First published: 5.58 a.m. EST
Stock indices saw mixed results on Tuesday after another volatile trading session. The Dow Jones Industrial Average (DJIA) fell by 0.43%, while the S&P 500 (SPX) declined by 0.21%. Meanwhile, the NASDAQ 100 (NDX) saw a surprise gain of 0.16%.
The 10-Year Treasury yield saw another increase today as the rate climbed to 3.97%. Conversely, the Two-Year Treasury yield fell to 4.29%.
In addition, WTI crude oil finished in green territory today after the recent sell-off. The commodity increased by 2.3% to $78.50.
In other news, Uber is going electric in France and has teamed up with Stellantis. Additionally, Harley Davidson’s LiveWire has become the only pureplay EV motorcycle listed company on the NYSE today.
Consumer Confidence Beats Forecast
On Tuesday, the Conference Board released its Consumer Confidence report, which, as the name suggests, measures the consumers’ confidence in the economy. This report is believed to be a leading indicator for spending patterns, as optimistic consumers are more likely to spend as opposed to pessimistic ones.
For September, consumer confidence came in at 108, which was better than expectations of 104.5. This increased for the second straight month. It’ll be interesting to see if this uptrend continues as interest rates continue to rise along with unemployment rates.
New Home Sales Come in Higher than Expected
The Census Bureau released its United States New Home Sales data, which came in at 685,000 for August. For reference, forecasters were expecting a print of 500,000. However, this was lower than last year’s figure of 702,000. The New Home Sales metric measures the number of single-family homes sold in the prior month (on an annualized basis).
This snaps a five-month decline which is likely attributable to the decline in mortgage rates during August. It appears home buyers wanted to lock in the lower rates in anticipation of an increase – a choice that proved to be correct.
However, this boost is likely to be short-lived as interest rates have increased significantly since August.
What Happened on Monday
Monday marked the fifth consecutive day of losses. The market sell-off continued with the S&P 500, the Dow, and the Nasdaq 100 registering losses of 1.03%, 1.11%, and 0.51%. The losses led the Dow, which has so far managed to avoid the bear market territory, to tip into the red zone (20% below its record high). The S&P’s losses were led by declines in the real estate, energy, and utilities sectors.

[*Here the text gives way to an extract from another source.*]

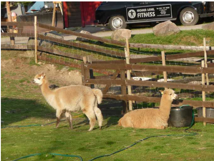
Disse alpakaene ser ut til å ha det fint i kveldssola.

Another supersized interest rate hike by the Federal Reserve, and the central bank’s commitment to keeping interest rates high till inflation is brought down desirably, is making the market swoon. The highly uncertain and tense environment comes from the belief that the Fed’s hawkishness will continue till the economy breaks under the pressure.
The currency markets also remained volatile on Monday partly fueled by the Federal Reserve’s policy. The British pound also dropped to a record low against the dollar as the new U.K. government expressed its intent to continue with massive tax cuts. Moreover, the Bank of England stated that the depreciation in currency may call for significant interest rate hikes to prevent a textbook currency crisis.
Uncertainty back home along with the U.K.’s concerns are making traders in the U.S. jittery.
On the housing front, rents are finally starting to come back to earth, as the housing bubble threatens to pop. Economists are of the opinion that rents are likely to fall further through winter. Lumber prices also fell to pre-Covid levels, spelling good news for homebuilders.